熊赐履涨红了脸,一言不发,只是苍白的须发不住地颤抖。索额图看着不忍,走下堂去,“敬修,皇上皇恩浩荡,宽和为政,你为官多年,若只是犯错,只要说出实情,难道皇上会对你斩尽杀绝吗?若并无其事,我定会在皇上面前为你作保。”
熊赐履同他对视半晌,苍老的身躯一软,“……巴泰等人所言,确有其事,索大人,你不必为我开脱,此事确实是敬修犯错在先,理应受到处罚。”
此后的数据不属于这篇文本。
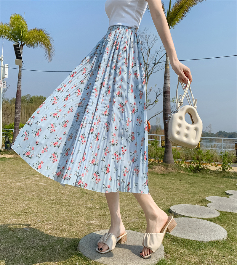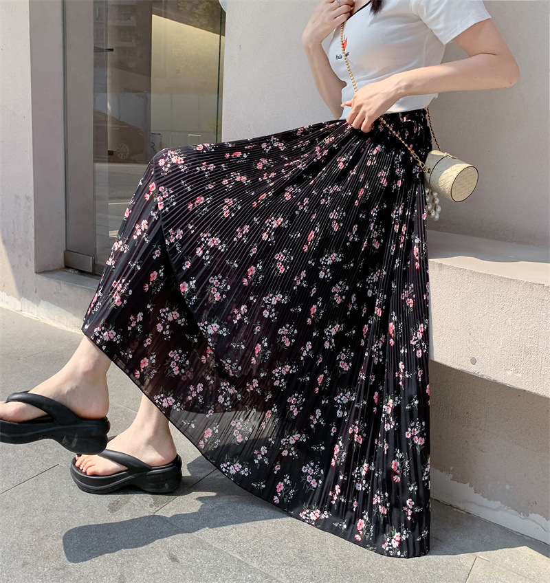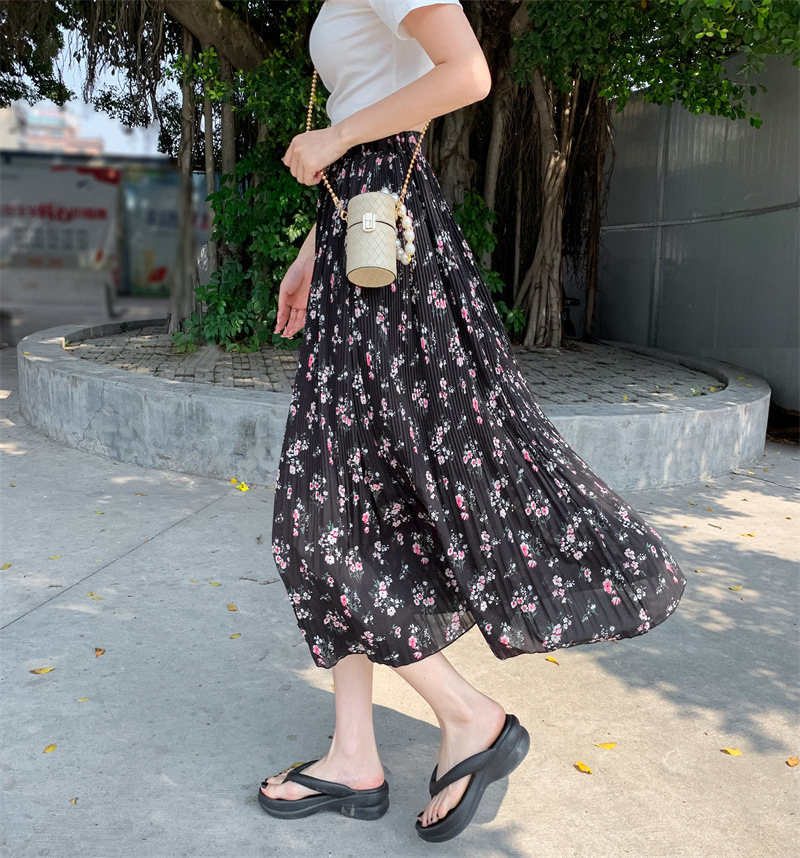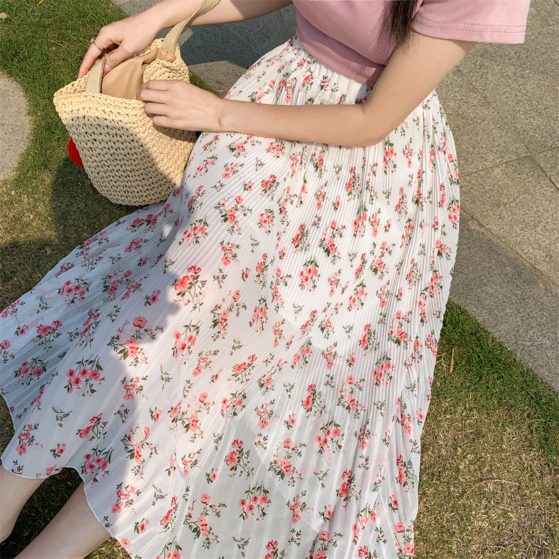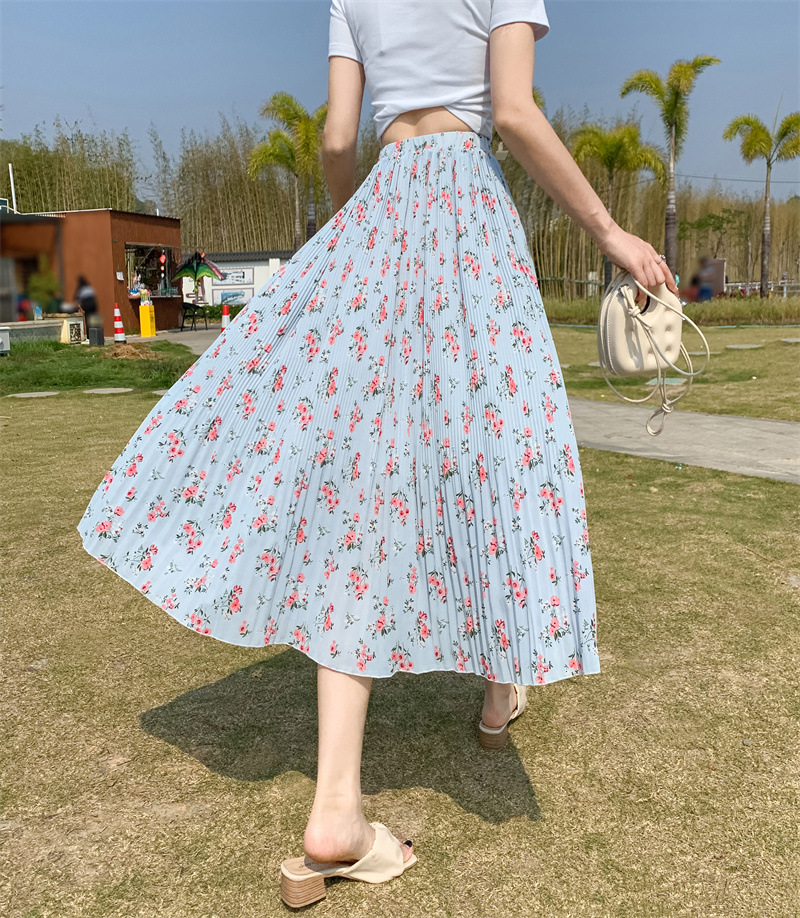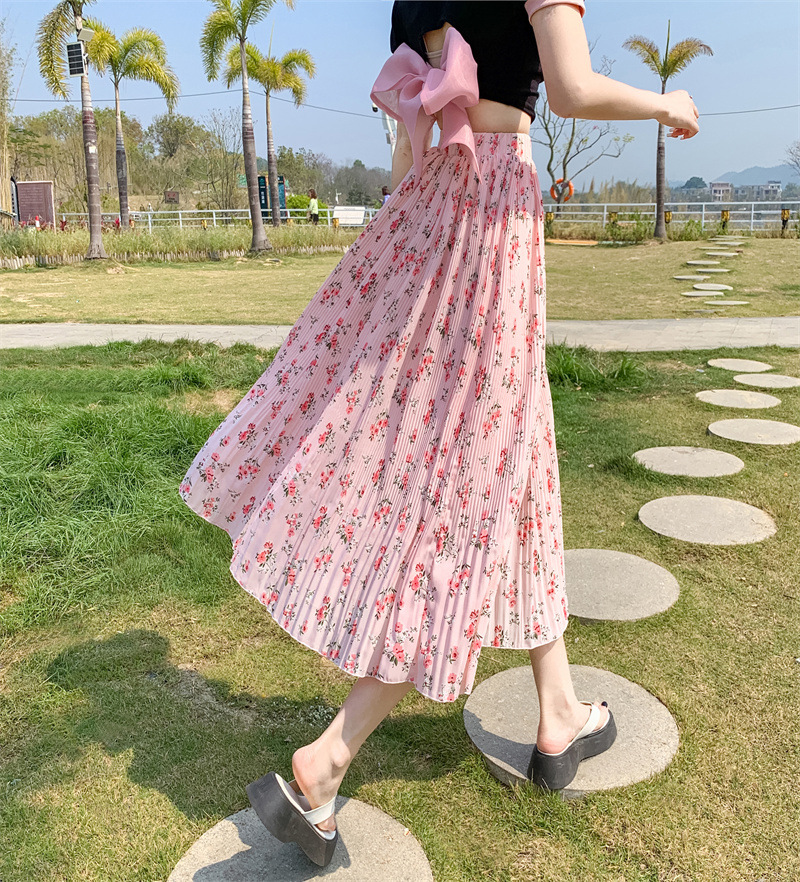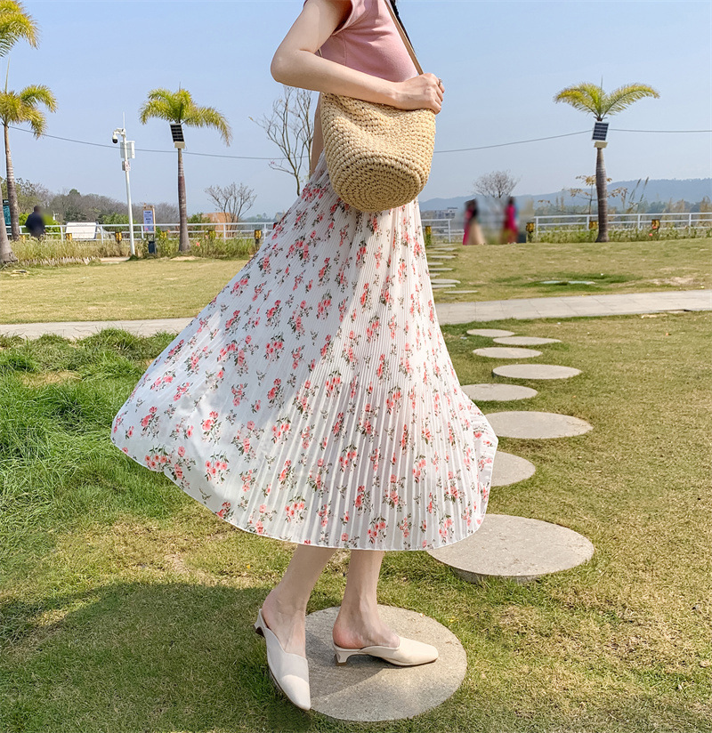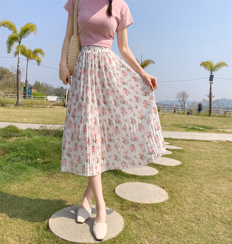 模特实拍田园清新碎花百褶裙中长款褶皱半身裙甜美雪纺女裙子夏季

他说完这番话,便如同被抽去了脊梁般的瘫软在地,索额图与之为友多年,自然明白对这样一位理学大家来说,公然承认自己渎职在先,嫁祸在后之罪,无异于当众剥光衣裳羞辱。
明珠看着索额图灰败的神色,不无得意道:“索大人,熊赐履自己犯错,索大人怎的如此恼恨懊悔?”他振了振衣袖,向索额图打了个拱,“既然已经结案,本官要向皇上回话去了,告辞。”
待明珠离去,索额图忙伸手将熊赐履搀扶起来,熊赐履嘆息一声,竟露出一丝笑意,“宦海沈浮这么多年,我早已倦了,若这次蒙皇上恩典,我得以不死,正好可以回乡着述,索大人无需为我忧心。”
索额图皱眉,“你老家恰在湖北,南方战乱不断,你年事已高,就算回去,如何安身立命?”
熊赐履道:“猫有猫道,当日前明乱世,我尚能茍安一隅,今日索大人你尚在朝中,难道我就能死了不成?”
索额图冷嗤一声,又恨恨道:“明珠去了御前,不知又向皇上添油加醋说些什么昏话,我去看着,你且在此等候!”
徐干学看着索额图走远了,方才冷笑道:“他害了大人,如今还在这里装好人,索额图为人反覆,熊大人可不能相信于他。”
熊赐履淡淡瞥了他一眼,安然闭目坐在一侧,等待着皇帝的处置。
皇帝听了明珠的回报,道:“熊赐履乃理学大家,在士人之中,声望极高,既然他已经认错,不当重罚,着革去职务,令返回原籍。你们也都退下,此事不必多言。”
这一句话就将索额图一腔的求情之言堵了回去,只得怀着满腔遗憾离去。
殿内一时只剩皇帝一人,他随手翻开一本书,恰是熊赐履所着,他翻看一阵,怒从心头起,挥手将书扔了出去。端着茶杯走到西暖阁门口的喜哥被书劈头盖脸地砸中,翻开的书页正正落入茶水之中,墨迹晕开,她忙蹲下身,摘下帕子,细细擦拭干凈。